Johanna Luggin
Field of Research: Persuasion
Early modern scientific authors often contradicted prevailing opinions and disagreed with each other over crucial issues. If possible, they resorted to incontestable evidence or mathematical demonstration to decide the matter under discussion. But often, there was no hard proof at hand. In such cases, verbal persuasion was called for. Much has been written about theories of proof and persuasion in early modern science. But little thought has been given to their rhetorical underpinnings, despite the well-known influence of legal thinking on scientific argumentation and despite the fact that rhetoric was first and foremost a technique of forensic speech. Analysis of how persuasion worked in early modern scientific practice has been confined to a few famous vernacular authors such as Galilei and Robert Boyle. These omissions will be rectified in the present sub-project.
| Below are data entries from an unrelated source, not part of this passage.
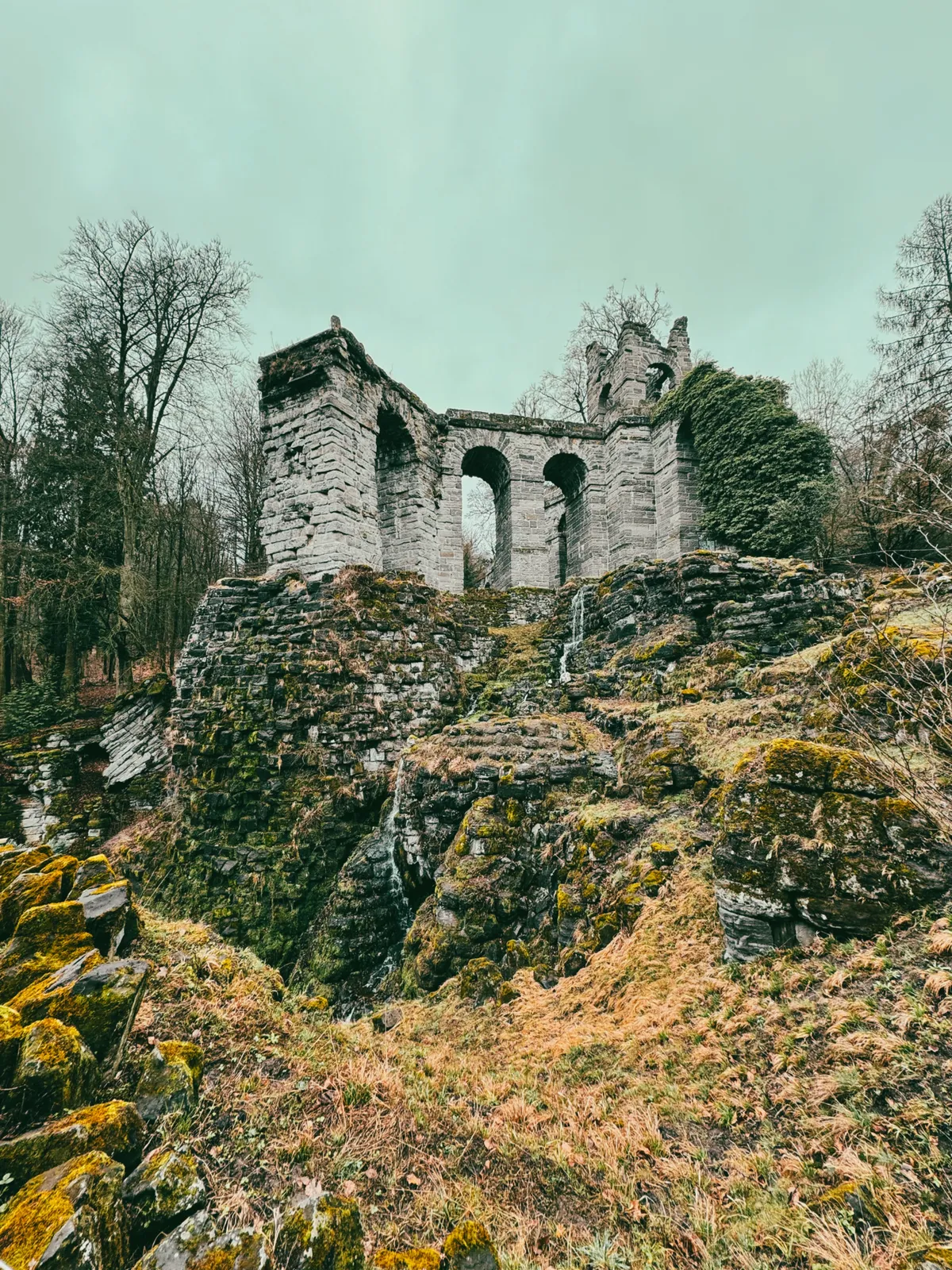 Trotz wunderschönem Frühlingswetter in den Tagen zuvor, ging es bei Schneeregen los. Der Dörnberg war komplett im Nebel. Keine Aussicht, keine Katjes — dafür lieber Margarine-Brot. Die Löwenburg: durchlaufen, Pommesgeruch inklusive. Herkules: umrundet. Wege, die ich bisher nur aus dem Vorbeifahren kannte und immer schon mal laufen wollte — gelaufen. Das war wirklich schön. Sightseeing auf Laufschuhen, genau wie ich es mir vorgestellt hatte, nur dass das Wetter anders war als im Kopfkino.
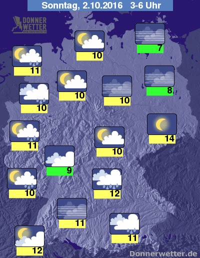 In der Nacht zum Sonntag ist der Himmel über Deutschland oft locker bewölkt oder klar. Vor allem über Bayern bleibt es aber meist bedeckt und dazu regnerisch. Einzelne Schauer bilden sich über den westlichen Landesteilen, sonst bleibt es hingegen weitgehend trocken. Die Temperatur sinkt auf 14 Grad in Dresden und bis 7 Grad an der Müritz.
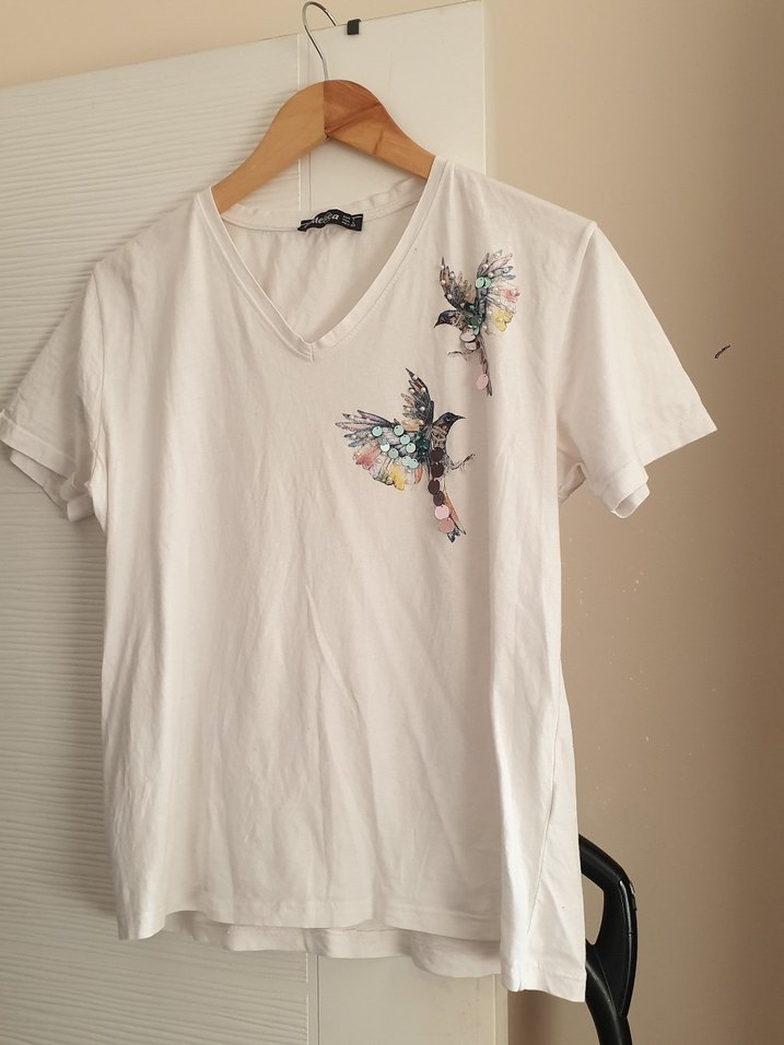 Beyaz pamuklu tişört, V yaka ve kısa kollu, pastel renkli kuş baskısı ile. Rahat kesim ve normal boyda, günlük sokak stili için uygundur. ️
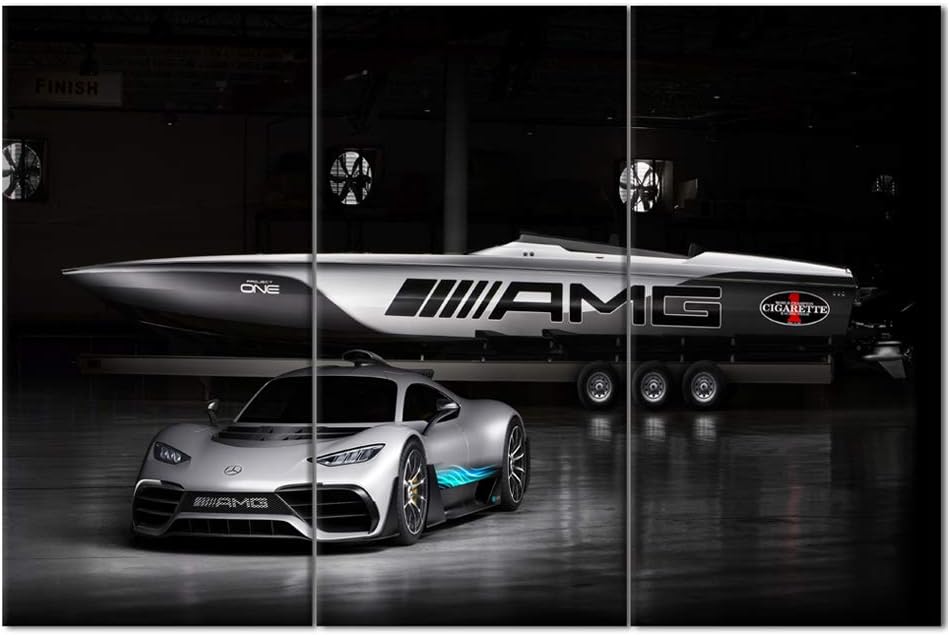 TUMOVO Sports Car Canvas Wall Art 3D Model Design On Black Background Picture Painting for Home Decoration Stretched Canvas and Ready to Hang - 28 x 14inch x 3 Panels
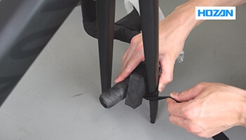 ウレタンに取り付けられた面ファスナーには裏表があります。光沢がない方が内側にくるように巻き付けましょう。
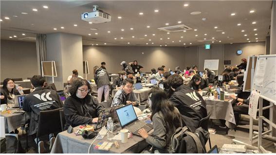 팀별로 아이디어를 토의하며 해커톤 프로젝트를 진행하는 모습 (사진=중앙대학교 제공)
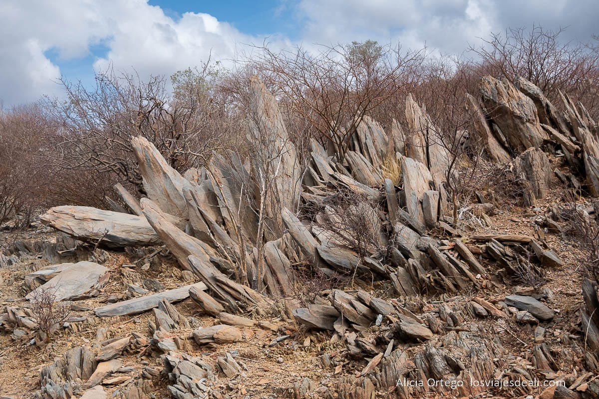 Ahora circulamos por pistas rocosas y entre pequeñas colinas que parecen haber sido machacadas por un martillo gigantesco. El suelo, en algunas zonas, es de rocas puntiagudas que parecen haber sido dispuestas en “milhojas”.
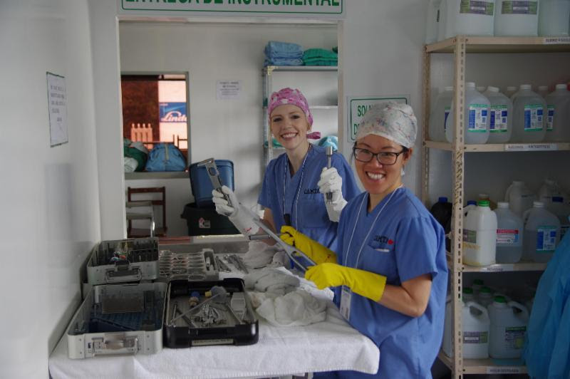 The instrument cleaning room is affectionately known as the kitchen. Having clean, sterile instruments is a must for surgical procedures and scrubbing the instruments is a laborious task. While it is hard, hot work getting the instruments clean and ready, the lay team always find a way to have a little bit of fun.
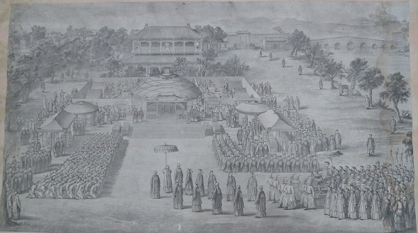第一图为《凯宴战功诸将士》,画中描绘的是西苑,紫光阁前搭了一座帐篷,弘历乘坐16人抬的肩舆,缓缓进入宴会场。文武官员及蒙古王公贵族分列两旁跪迎。帐篷两边放置了赏赐的物品,帐篷后面正在准备宴席。画面右上角为隔开中海、北海连接东西的金鳌玉栋桥,远处可见琼岛上的白塔,地域特征非常鲜明。

The project will thus analyse the rhetorical character of Neo-Latin scientific works from the 17th and 18th centuries: it will i.a. present examples of Neo-Latin didactic poetry as a vehicle of persuasion in early modern science; it will show how experiments were used as rhetorical devices within rational argumentation, e.g. in William Gilbert’s De magnete; it will analyse the role of patronage and self-fashioning as rhetorical tool within scientific innovation; and it will investigate the reception of ancient thought in the rhetorical strategies of geological works of the period.